3 minute read
ALL THE JOY HAS GONE
SARAH DALTON, EXECUTIVE DIRECTOR
Last month ASMS launched our latest member survey focused on ‘other employment’. It’s part of our focus on workforce (and also on the public–private divide). It seeks to understand what influences some of you to leave Te Whatu Ora and explores some of the things that make it harder to work in our public hospitals. As well as providing statistical data, this survey also provides a rich vein of qualitative feedback that should help your employer and health funders understand how tough things are in public medicine.
As one surgeon put it: “I do not want to see people in clinic and tell them an operation would help but they can’t have one.”
Another SMO notes, “The RMO shortages are a nightmare and then all the work is left to us, and they argue about paying additional duties. All the joy has gone, there is nothing nice about coming to work anymore. I am actively looking for alternatives.”

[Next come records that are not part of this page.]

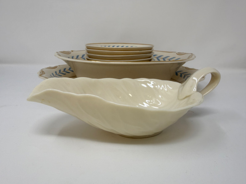 Old Ivory Syracuse China -O.P.CO Made in America Oval bowl is 7.5”x10.25” Small bowls are 5” Includes an ivory Lenox gravy boat.
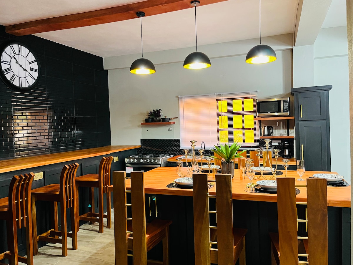 Welcoming people of all races and gender types. Come live well on vacation or business. This fully furnished luxury offers a tranquil experience in an ideal location with close proximity to beaches, restaurants, malls, gas stations and night life. The fenced property has an electronic gate, parking area, security cameras and a friendly, alert German Shepherd. Need daily cardio? Access to this space is up 2 flights of stairs as seen in photos. Go ahead and reserve those dates!
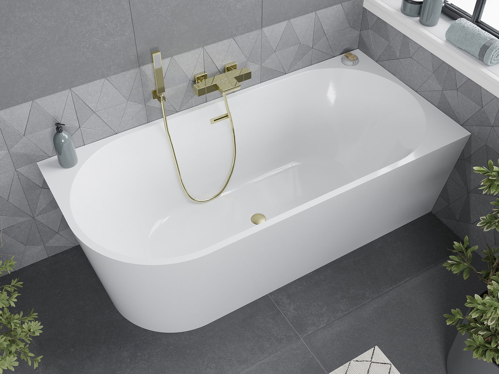 Η Mexen Mia είναι μια σύγχρονη ελεύθερη γωνιακή μπανιέρα με διαστάσεις 150 x 75 cm, κατασκευασμένη από υψηλής ποιότητας ακρυλικό υγειονομικής χρήσης. Χαρακτηρίζεται από το κομψό λευκό χρώμα της και το φινίρισμα σε χρυσή βουρτσισμένη, που της δίνει πολυτελή εμφάνιση. Με βάθος 45 cm και ύψος 58 cm, προσφέρει άνετη χαλάρωση. Η μπανιέρα διαθέτει οπή υπερχείλισης και είναι ανθεκτική στη ματ πόρωση και στις ακτίνες UV. Το σετ περιλαμβάνει σιφόνι και πώμα klik-klak, διευκολύνοντας την εγκατάσταση.
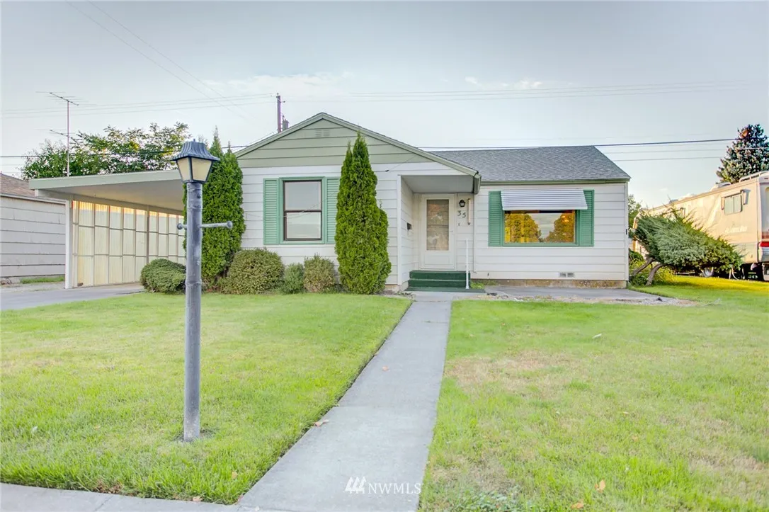 Green Gables charm in this darling 3 bedroom, 1-1/2 bath, just across the street from Columbia Ridge Elem! Orig. hardwoods under carpet, fam rm with working fireplace, oodles of kitchen cabinets. Carport over-sized, both width x depth, can easily park 2 vehicles tandem. Dbl pane windows. Metal siding. Underground sprinklers. New hot water htr. All appliances stay. Bonus sq ftg not incl above: 1) Lg unheated storage rm behind carport w/electricity, insulation; 2) Lg encl patio. See virtual tour!
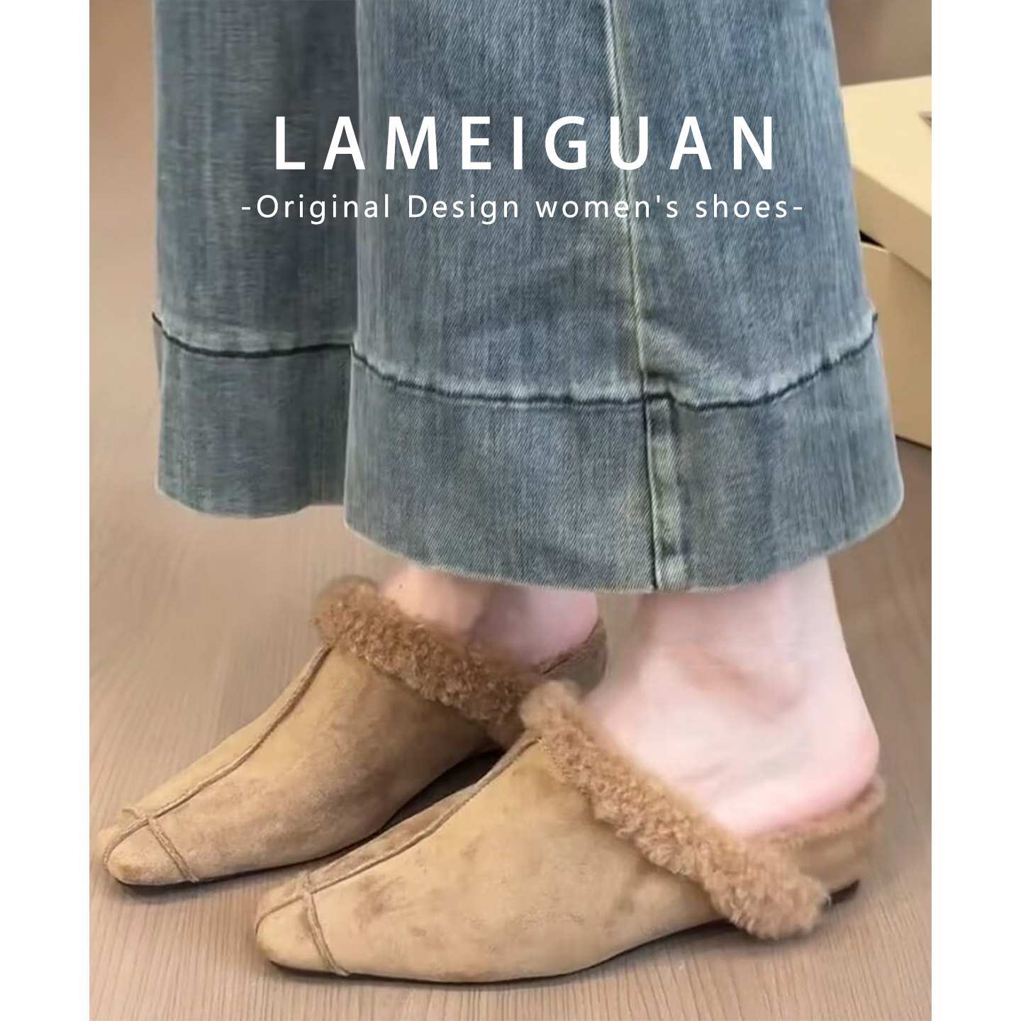 法式毛毛鞋女2025秋冬季新款加绒保暖棉鞋单鞋外穿平底包头半拖鞋
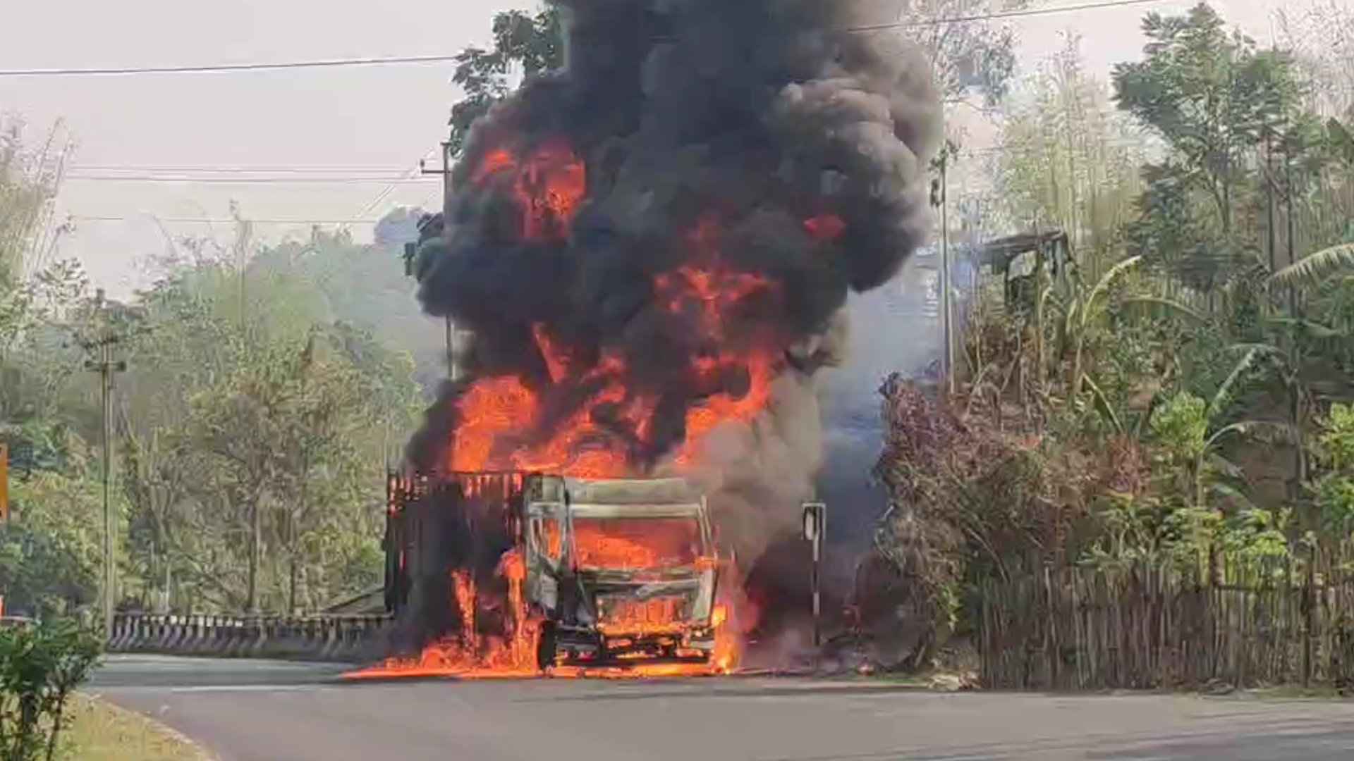 সোমবাৰে দুপৰীয়াৰ ভাগত এক ভয়ংকৰ অগ্নিকাণ্ডৰ ঘটনা সংঘটিত হয়। ৰাজপথৰ ওপৰতে হঠাৎ দাও দাওকৈ জ্বলি উঠে এখন ট্ৰাক। ৰাজপথৰ ওপৰতে এখন ট্ৰাক দাও দাওকৈ জ্বলি উঠাৰ দৃশ্য আছিল অতি ভয়াবহ। এই দৃশ্য দেখি এক আতংকময় পৰিৱেশ সৃষ্টি হয়। অগ্নিকাণ্ডত কথমপি প্ৰাণ ৰক্ষা পৰে ট্ৰাকখনৰ চালক আৰু হেণ্ডিমেনজনৰ। ৰাইজে আৰক্ষী আৰু অগ্নি নিৰ্বাপক বাহিনীক খবৰ দিয়াত ঘটনাস্থলীত আৰক্ষী আৰু অগ্নি নিৰ্বাপক বাহিনীৰ দল উপস্থিত হৈ জুই নিৰ্বাপন কৰে।

Meanwhile, another SMO shared pictures of their non-clinical workspace. They are desperate not to lose the workspace, but equally concerned about the health and safety risks it poses.
This is the unhappy tale of working life in many New Zealand hospitals, right now.
No wonder increasing numbers of SMOs are fleeing over the road, or over the ditch… “Specialists are more valued in private. There is more recognition and appreciation of your skill, years of training and expertise, and this is reflected in how you are treated and dealt with … Being disrespected [in the public sector] while working hard, and to the detriment of yourself and your family, wears thin in the end,” says another member.
Yet another notes, “I work a shift with no registrar and the stress of having 20 [patients] a day leave without being seen is wearing me down. I’m thinking of just doing locums in Australia myself.”
What would help to keep SMOs in our public system, and what might attract some back?
According to our data, the top three items are remuneration, staffing levels, and resourcing. This list will be no surprise to you.
Mixed up in the remuneration debates are staffing levels and workload. Almost every service is short-staffed. Many, critically so. How do we attract the staff we so desperately need when workload is heavy and remuneration is comparatively poor, when RMOs are heading overseas with no intention to return, and when those who stay are rewarded with a pay cut in their first specialist post?
Recruitment is a dog’s breakfast, and the kind of sustained investment, supported by intelligent decision-making, that is needed to provide great secondary and tertiary hospital services seems a distant hope.
Meanwhile, we have a general election campaign underway, in which health is one of the political footballs being kicked around. We would like to see a maturing of political policymaking where some basics of health care – both investment and entitlements – are agreed. This would mean they’re not up for debate every three years. And maybe, just maybe, then you could focus on getting on with the specialist medical and dental work you were trained to do.